The two conversions show the same approach. A new volume, which encloses all the main functions, is inserted into the existing space as a kind of sculptural box. The box is explicitly separated from the existing architectural fabric and differs distinctly from it in the architectural means employed. The authentic industrial architecture and its typical structural features remain entirely intact and one hundred percent visible.
In each case, a demanding programme of functions has been packed into the new volume. The Espressofabriek, for instance, has a floor area of only 52 square metres. The box encloses toilets, a bar, storage space and a staircase to the roof. The roof itself is occupied by chairs and tables. The relatively large height of the Meterhuis roof made it possible to create a second storey beneath it.

Photograph by Jeroen Musch, Courtesy of the Architect.
Visch has placed the new box lengthways the building. There is storage space behind the bar and the entrance to the toilets is located at one end. Next to the building entrance, a staircase rises to the seating area above. Tables and chairs are grouped along the length of the space as well as above the bar. The materials of the box, with its surfaces treated with blackboard paint and a refreshment bar in stainless steel, contrast with those of the original architecture. Old and new refuse to intermingle anywhere. Should the building ever be assigned a different function, the box could be extracted again without mayhem.

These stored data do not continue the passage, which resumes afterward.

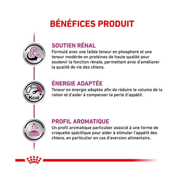 Les croquettes mĂ©dicalisĂ©es Royal Canin Veterinary Diet Renal Special ont Ă©tĂ© Ă©laborĂ©es pour les chiens souffrant d’insuffisance rĂ©nale chronique, pour la prĂ©vention des calculs d’oxalate de calcium et pour la gestion des rĂ©cidives d’urolithiase (calculs d’urate et de cystine).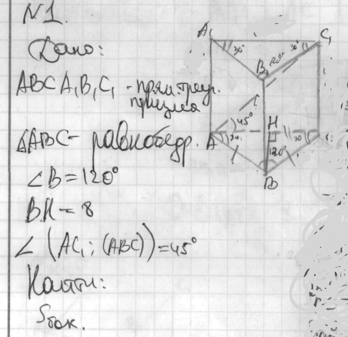В основании у нашей призмы - треугольник, равнобедренный, с углом при вершине 120 градусов, высота, проведенная к основанию, равна 8, тогда боковая сторона вдвое больше высоты, т.е. 16. А основание этого треугольника равно, соответственно, квадратному корню из трех.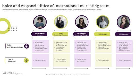 This slide represents major roles and responsibilities for global marketing team. It includes international marketer, email marketing manager, social media manager, PPC manager and SEO manager. If your project calls for a presentation, then Slidegeeks is your go-to partner because we have professionally designed, easy-to-edit templates that are perfect for any presentation. After downloading, you can easily edit Roles And Responsibilities International Marketing Team Formulating Global Marketing Strategy To Improve Themes PDF and make the changes accordingly. You can rearrange slides or fill them with different images. Check out all the handy templates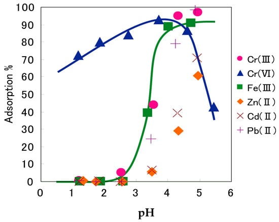 Cr(VI) exists in an aqueous solution as the oxo-anionic species such as HCrO4−, H2CrO4, and CrO42− depending on the pH and total Cr concentration. Figure 34 shows the plot of % adsorption of some metal ions, including Cr(VI) and Cr(III) (another Cr species that is common in environmental media), by crosslinked persimmon gel at different equilibrium pH values. Except for Cr(VI) and Mo(VI), the adsorption of all metal ions existing as cationic species monotonously increased with increasing pH, suggesting that adsorption of these metal ions occurs through cation exchange as shown below, similar to adsorption by the lignocatechol gel.

Photograph by Jeroen Musch, Courtesy of the Architect.
The Ketelhuis Cinema, where three film auditoria are being fused into an almost space-filling interior volume, and the Espressofabriek, both stand out for the broad, powerful gesture of the design. The inserted objects occupy the space like autonomous sculptures, complete with dents and bumps. The intervention is clear: nowhere is the visitor seduced by stylistic devices, neither by a designer in pursuit of effect nor in the use. Whatever the user does with the interior, the concept holds out.

Photograph by Jeroen Musch, Courtesy of the Architect.